40 dead after storm triggers flooding in Philippines


MANILA, Philippines -- More than a month's worth of rain fell in just 12 hours as Tropical Storm Ketsana slammed ashore in the Philippines, killing at least 40 people and stranding thousands on rooftops in the capital's worst flooding in more than 42 years.

The government declared a "state of calamity" in metropolitan Manila and 25 storm-hit provinces on Saturday, said Defence Secretary Gilberto Teodoro, who heads the National Disaster Coordinating Council. That allows officials to withdraw emergency money for relief and rescue.

A landslide and flash flooding in nearby Rizal province killed 35 people, said provincial government spokesman Tony Mateo. Most of the fatalities in Rizal drowned, said Loel Malonzo, chairman of the Provincial Disaster Coordinating Council.

Three people were also reported killed in Manila's southern suburb of Muntinglupa and two others in Quezon city, said Anthony Golez, deputy presidential spokesman and acting head of the Office of Civil Defence.

Mateo said that 27 people were missing.

President Gloria Macapagal Arroyo had to take an elevated commuter train to the disaster council office to preside over a meeting because roads were clogged by vehicles stuck in the floodwaters.

The mayor of Cainta, also in Rizal, who was stranded atop a dump truck on a road that was neck-deep in water, told ABS-CBN television by phone that many residents climbed onto roofs to escape.

"The whole town is almost 100 per cent underwater," Mayor Mon Ilagan said.

About 16.7 inches (42.4 centimetres) of rain fell on metropolitan Manila in just 12 hours on Saturday, exceeding the 15.4-inch (39.2-centimetre) average for September, said chief government weather forecaster Nathaniel Cruz. The rainfall on Saturday also broke the previous record of 13.2 inches (33.4 centimetres), which fell during a 24-hour period in June 1967, he said.

"However good your drainage system is, it will be overwhelmed by that amount of rainfall," he told The Associated Press.

He said poor maintenance of drains and waterways clogged with garbage compounded the problem.

ABS-CBN television showed a dramatic video of more than a dozen people perched on roofs of damaged houses being swept away by the suburban Marikina River.

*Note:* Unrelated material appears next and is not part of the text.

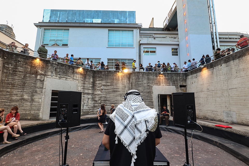 A concludere la serata dell’11 giugno, in occasione dei festeggiamenti per i 20 anni della Fondazione Merz, un DJ set speciale ha animato gli spazi del Parcheggio Lancia: protagonisti DJ Falafel (Gerusalemme) e Qكيو / Qusay Awad (Damasco/Berlino), in un incontro tra sonorità mediorientali, ritmi tradizionali e bass music. Un viaggio musicale attraverso identità, diaspora e desiderio di libertà, dove il ballo diventa un gesto collettivo, un rito urbano di condivisione

They smashed against the pillars of a bridge and were separated from each other in the rampaging river. It was unclear whether they were rescued.

Cruz said seasonal monsoon rains were intensified by Ketsana, which packed winds of 53 mph (85 kph) with gusts of up to 63 mph (100 kph) when it hit land early Saturday. By the evening, the storm maintained its strength as it moved over the coast of western Zambales province and headed west toward the South China Sea.

Manila airport operations chief Octavio Lina said the runway had been flooded, delaying international flights for hours. Floodwaters also caused some electrical outages.

Hundreds of vehicles were stalled in flooded streets around the capital, and nearly 2,000 passengers were stranded in ports in several provinces south of Manila after the coast guard suspended ferry operations.